Cancino v. Yamaha Motor Corp., U.S.A.

494 F. Supp. 2d 664, 2005 U.S. Dist. LEXIS 45361, 2005 WL 5576219
CourtDistrict Court, S.D. Ohio
DecidedSeptember 26, 2005
Docket3:04cv274
StatusPublished
Cited by1 cases

This text of 494 F. Supp. 2d 664 (Cancino v. Yamaha Motor Corp., U.S.A.) is published on Counsel Stack Legal Research, covering District Court, S.D. Ohio primary law. Counsel Stack provides free access to over 12 million legal documents including statutes, case law, regulations, and constitutions.

Bluebook
Cancino v. Yamaha Motor Corp., U.S.A., 494 F. Supp. 2d 664, 2005 U.S. Dist. LEXIS 45361, 2005 WL 5576219 (S.D. Ohio 2005).

Opinion

DECISION AND ENTRY OVERRULING PLAINTIFFS’ MOTION TO REMAND (DOC. # 19); FURTHER PROCEDURES ESTABLISHED; CONFERENCE CALL SET

RICE, District Judge.

This litigation arises out of a recall notice Defendant issued to purchasers of certain motorcycles it had manufactured. Plaintiffs allege that Defendant indicated therein that those motorcycles were seriously defective and that they cannot be operated without risk of serious injury or death. Plaintiffs brought this action, as a putative class action, in the Montgomery County Common Pleas Court, from whence the Defendant has removed it.
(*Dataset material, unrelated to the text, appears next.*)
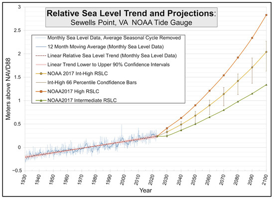 Historical monthly mean sea level plot recorded at Sewells Point, Virginia, shown without regular seasonal and year-long fluctuations. The relative linear trend of historical values is shown with a 90% confidence interval, followed by three NOAA [50] RSLC projections until 2100, obtained from the U.S. Army Corps of Engineers (USACE) Sea Level Change Calculator [52]. 66% confidence bands are shown for the Intermediate-High RSLC scenario, chosen for this study’s SLAMM simulations.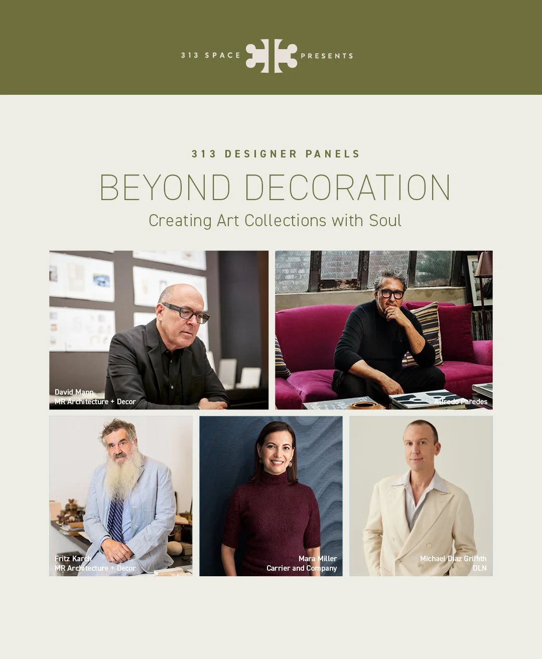 The intersection of personal passion and thoughtful design. Michael Diaz-Griffith, Design Leadership Network President, moderates a conversation about creating soulful art collections with panelists Alfredo Paredes, Alfredo Paredes Studio, David Mann, MR Architecture & Decor, Fritz Karch, MR Architecture & Decor, and Mara Miller, Carrier and Company.

In its Notice of Removal (Doc. # 1), Defendant has alleged that this Court can exercise subject matter jurisdiction over this matter, on the basis of diversity of citizenship. See 28 U.S.C. § 1441 (providing that, subject to exceptions which are not relevant, a District Court has removal jurisdiction over cases for which it would have had original jurisdiction); 28 U.S.C. § 1332(a) (providing that a District Court has original jurisdiction over a lawsuit between citizens of different states when the amount-in-controversy, exclusive of interest and costs, exceeds $75,000).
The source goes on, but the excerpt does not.